Although filing a claim is a smooth process for some, bad faith insurance tactics can turn filing auto insurance claims into a long, arduous insurance dispute. Claimants who suspect an insurance company is acting in bad faith can find assistance from their car accident lawyer in Orlando.

Signs Of Bad Faith Insurance

One sign of bad faith insurance is an unreasonable delay with investigating the claim. It helps to put everything in writing, such as dates and times of communication with the insurance company and when paperwork was filed. This way, you can track how long the process is taking and use it as evidence if necessary.

Another sign of bad faith is when coverage is unfairly denied. Insurance companies may attempt to misinterpret what is contained in the policy. This tactic can sometimes be proven by citing the policy itself – a car accident lawyer in Orlando can help evaluate the terms of the policy compared to the insurance company’s interpretation.

Since the insurance company wants to pay as little as possible, they may try to use retaliation as a way to get you to accept a lower settlement. Tactics could include the threat of higher rates or cancellation of the policy.
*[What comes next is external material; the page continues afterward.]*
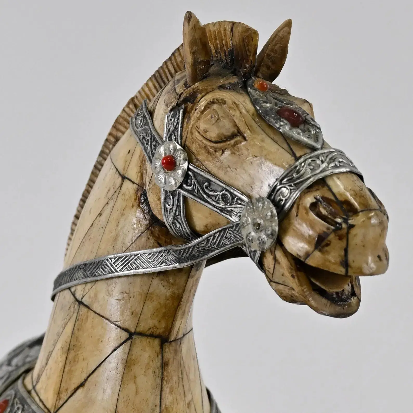 Chinese Bone Horse Sculpture | Flora and Gemstone-InlaidSaddle | Handcrafted Tessellated Design | Decorative Art Collectible | Unique

If the insurance company keeps losing paperwork or asks for something that has already been provided, this may also be a sign of bad faith. This could be the company’s way of delaying the process, but it might also be a deceptive practice aimed at getting the claimant to give up pursuing a claim, or settling it quickly just to get it over with.

Finally, when an accident is clearly someone else’s fault but the insurance company continues to try to shift the blame, it may be a case of bad faith. Bottom line is the insurance adjusters are likely trying to diminish or deny your claim.